Pick List: Laurie Anderson, Calidore String Quartet, ‘The Brief Wondrous Life of Oscar Wao’

Seattle’s best entertainment events of the week.

CLASSICAL, ETC.

Though he couldn’t have known it for sure, Schubert may have intuited that his String Quintet, finished just a couple of months before he died in November 1828, would be one of his last major works—not a tragic piece but a valedictory one in its spaciousness and immense emotional range, as if he were taking one final opportunity to say everything he had to say. My favorite recording of the Quintet—by which I mean the one that best makes the case that this is the greatest piece of chamber music ever written—combines the Emerson String Quartet and cellist Mstislav Rostropovich. David Finckel was the Emerson’s cellist on that 1992 disc, and now, off on his own, he’s joining the younger Calidore String Quartet for this performance. Meany Center, UW campus, meanycenter.org. $40–$48. 7:30 p.m. Tues., April 24.

VISUAL ARTS

Project 42, an ongoing series by Bellevue College faculty member Jono Vaughan, memorializes, via textiles made into garments, the lives of 42 murdered transgender individuals. The garments are given to collaborators—dancers or other performing artists—who use the garment in their own performances and document the results. Seattle Art Museum, seattleart museum.org. Opens April 21. Open Wed.–Sun. Ends Aug. 5.

FILM

For Green Fog, director Guy Maddin turned his attention from his native Winnipeg—setting for so many of his neurotically heightened, surreally stylized hommages to filmmaking methods of the ’20s and ’30s—to San Francisco. He describes it as a “parallel-universe version” of Vertigo, rethinking Hitchcock using found footage of the Bay Area. Northwest Film Forum, nwfilmforum.org. $7–$12. 8:15 p.m. Fri., April 20; 4:30 & 7:45 p.m. Sat., April 21; 7:15 p.m. Sun., April 22.

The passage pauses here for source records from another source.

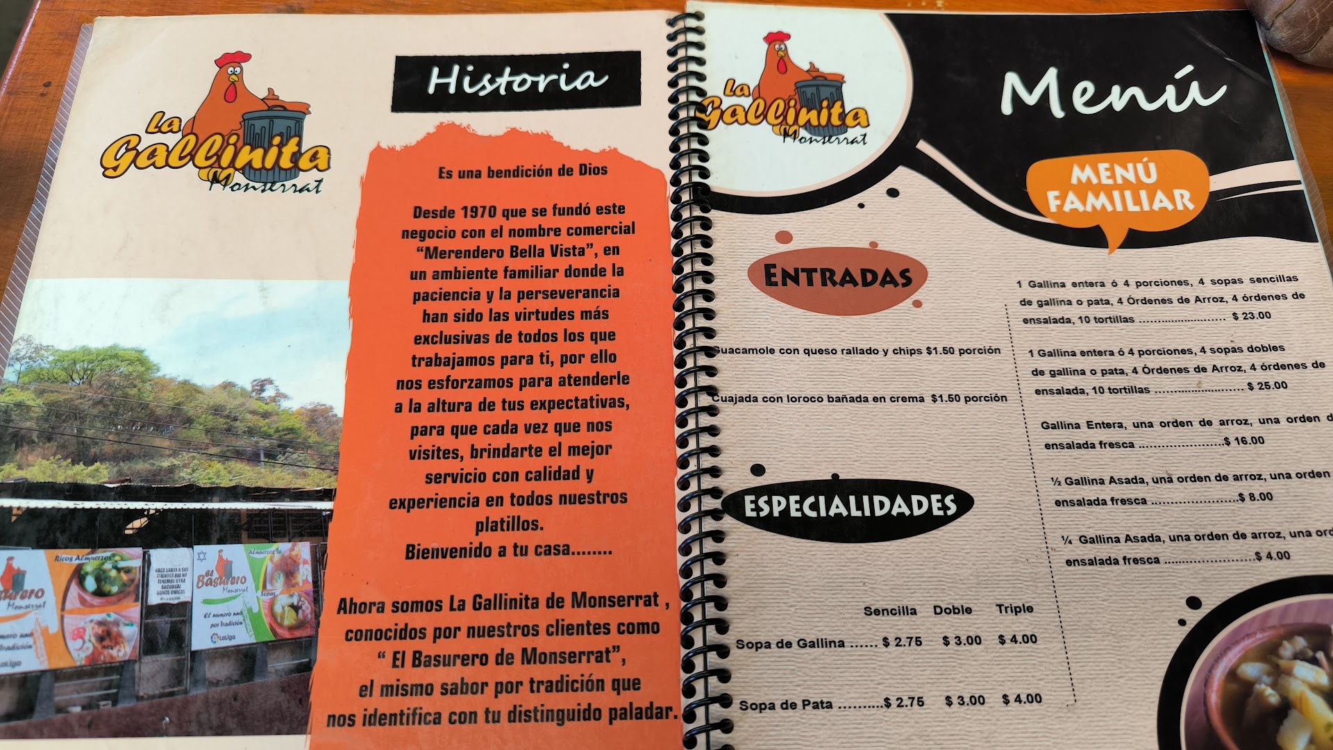 Read moreEl lugar cuenta con parqueo no muy grande pero aceptable, tiene entrada por la autopista o por la calle a Monserrat, el local es amplio y agradable, posee un ambiente familiar, la comida, hay combos familiares a buen precio y la especialidad es la sopa de gallina y la sopa de patas, venden cocteles y platos de carne, hay bebidas naturales, sodas y cervezas todo a precios accesibles, el local posee baños, buen ambiente, buen servicio y variedad de platos, lo recomienda para en familia con los niños en grupo de amigos, en pareja o con invitados, se cobra el 10% de propina sobre el consumo, dejo fotos del menú...
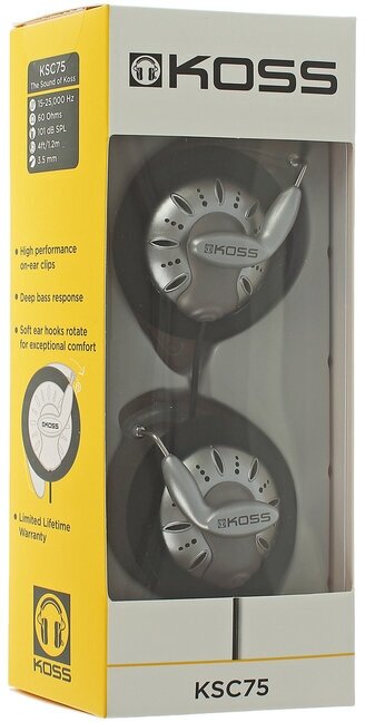 Наушники KOSS Koss KSC75 - это удобные первоклассные наушники с креплением типа клипса. Особенности конструкции делают их ношение комфортным неограниченное время, при этом амбушюры хорошо прилегают к ушам, что гарантирует полноценную передачу низких частот. Koss KSC75 обеспечивают лучший звук для наушников данного класса на поразительно широком диапазоне частот.
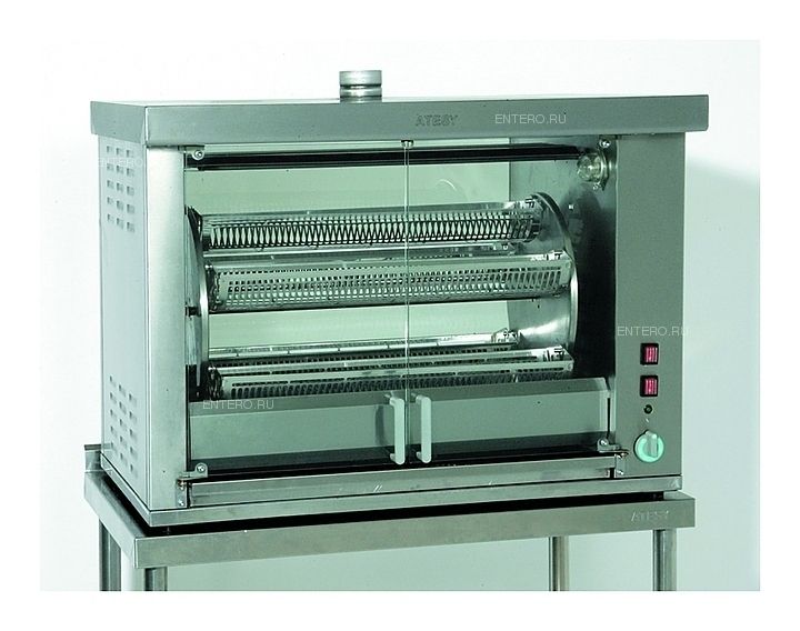 Время приготовления составляет 50-60 минут. Стеклянная дверь оснащена механическим доводчиком. Температурный диапазон от 50°C до 250°C поддерживается терморегулятором гриля. Равномерность тепловой обработки обеспечивается вращением всех четырех садков с курами.
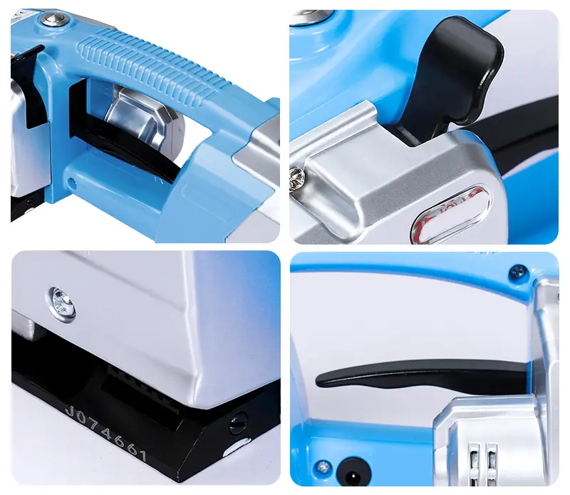Eşyaların çemberini sıkmak için güçlü DC motor ve sistemine sahip model gün boyu yoğun kullanım için uygundur. Makine 100~200mm/Saniye arasında kayış gerebilmektedir.
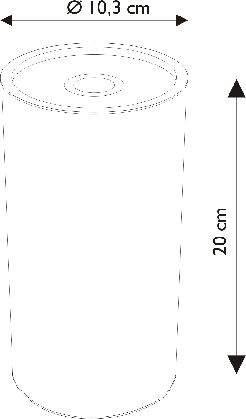 10.3 cm (diámetro) x 20 cm (alto).
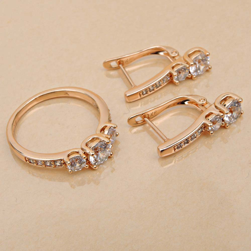 Кольцо/Серьги с английским замком с золотым покрытием 18K 1 мкр с цирконами (фианитами)
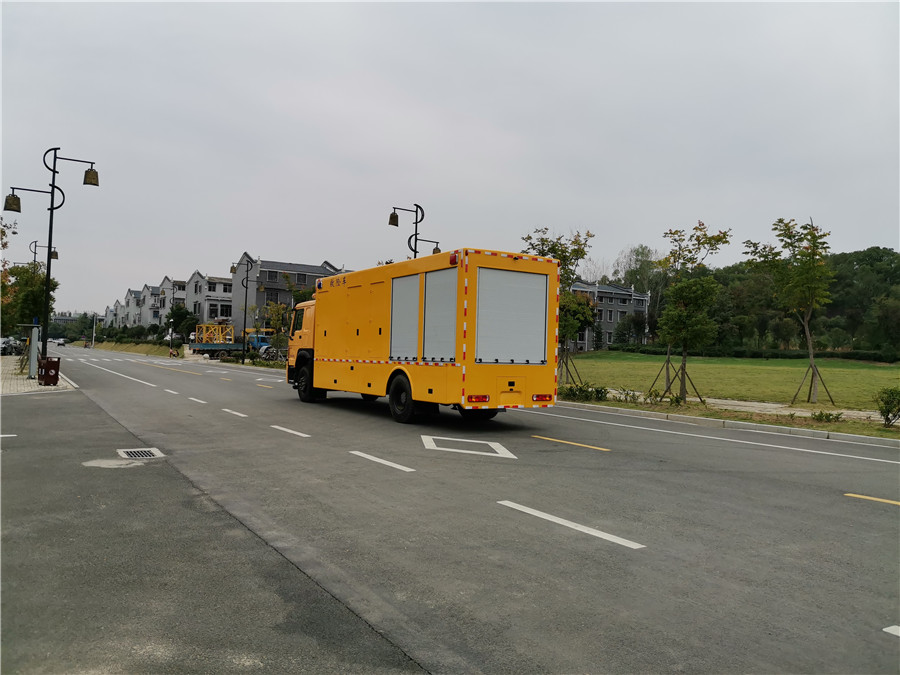 选装配置:选装行李架、爬梯、车顶工作台;选装不同形状、结构的警示灯;选装中隔断(可选择开门)、车身两侧可选开上掀门、盲窗、侧开门;花纹铝板;加装设备工具柜、配电箱、发电机组、水泵、电焊机、空压机等线路安装外接电源系统、(室内灯光照明、探照灯、高杆照明灯等);绕线盘,还可根据用户不同需求加装不同的维修抢险设备、车身制作专用图案或标识。
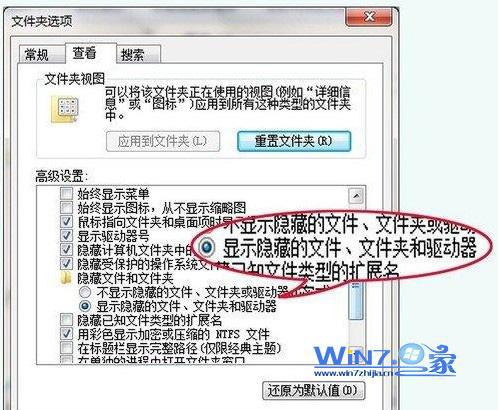 2、在文件夹选项窗口中,切换到“查看”选项卡,设置“显示隐藏文件、文件夹和驱动器”;
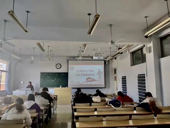 随后,同学们自行合理分配答题时间,完成阅读理解和翻译等题。考试过程中,同学们自觉遵守考试纪律,从容作答,全身心地投入到这次模拟考试中。距离考试结束还有15分钟时,监考人员提醒同学们注意把握考试时间,仔细检查,避免出现漏题空题现象。考试结束后,同学们立刻停止答题,监考人员收好答卷后,同学们带好个人考试用品有序地离开了考场。

Features, shorts, workshops, discussions, a Youth Film Showcase, and Saturday’s Hep Cat Ball (at MOHAI) fill four days in the 15th annual Langston Hughes Film Festival. The closing-night film, 6 p.m. Sunday, is My People Are Rising, Raphael Flores’ doc based on the 2012 memoir of Seattle activist Aaron Dixon, a founder of the Seattle chapter of the Black Panthers. Nikkita Oliver hosts. See langstonseattle.org for complete lineup. Langston Hughes Performing Arts Institute. Pass $90, single tickets $7–$12. Thurs., April 19–Sun., April 22.

MUSIC

The performance-art pioneer who topped the pop charts, Laurie Anderson’s two most recent works came in the wake of Hurricane Sandy, which flooded her Manhattan house. One, Landfall, is a recording with the Kronos Quartet; the other, All the Things I Lost in the Flood, is a collection of essays, looking back over 40 years of her work and examining her use of stories and language. She’s also turned this book into a performance, combining, as usual for her, visuals, electronics, and her magically rich and serene storytelling voice. The Neptune, stgpresents.org. $35–$40. 7 p.m. Sun., April 22.

STAGE

It’s not easy growing up as an overweight sci-fi and fantasy-loving Dominican boy in New Jersey. It’s even harder when your family is cursed. Expect an engaging dose of magical realism in Literature to Life/Young Audiences of New York’s adaptation of Junot Díaz’s Pulitzer Prize-winning novel The Brief Wondrous Life of Oscar Wao into a one-man show; Elvis Nolasco (pictured) plays 30 characters. As Oscar grows from a boy struggling to find love (or at least lose his virginity) to a man still looking for that connection, the story interweaves his family history, supernatural mongooses, and more unexpected turns. SETH SOMMERFELD Center Theatre, Seattle Center Armory, book-it.org. $26–$50. 7:30 p.m. Wed.–Sat. & 2 p.m. Sun., plus 2 p.m. Wed., April 25 and Sat., May 5. Ends May 6.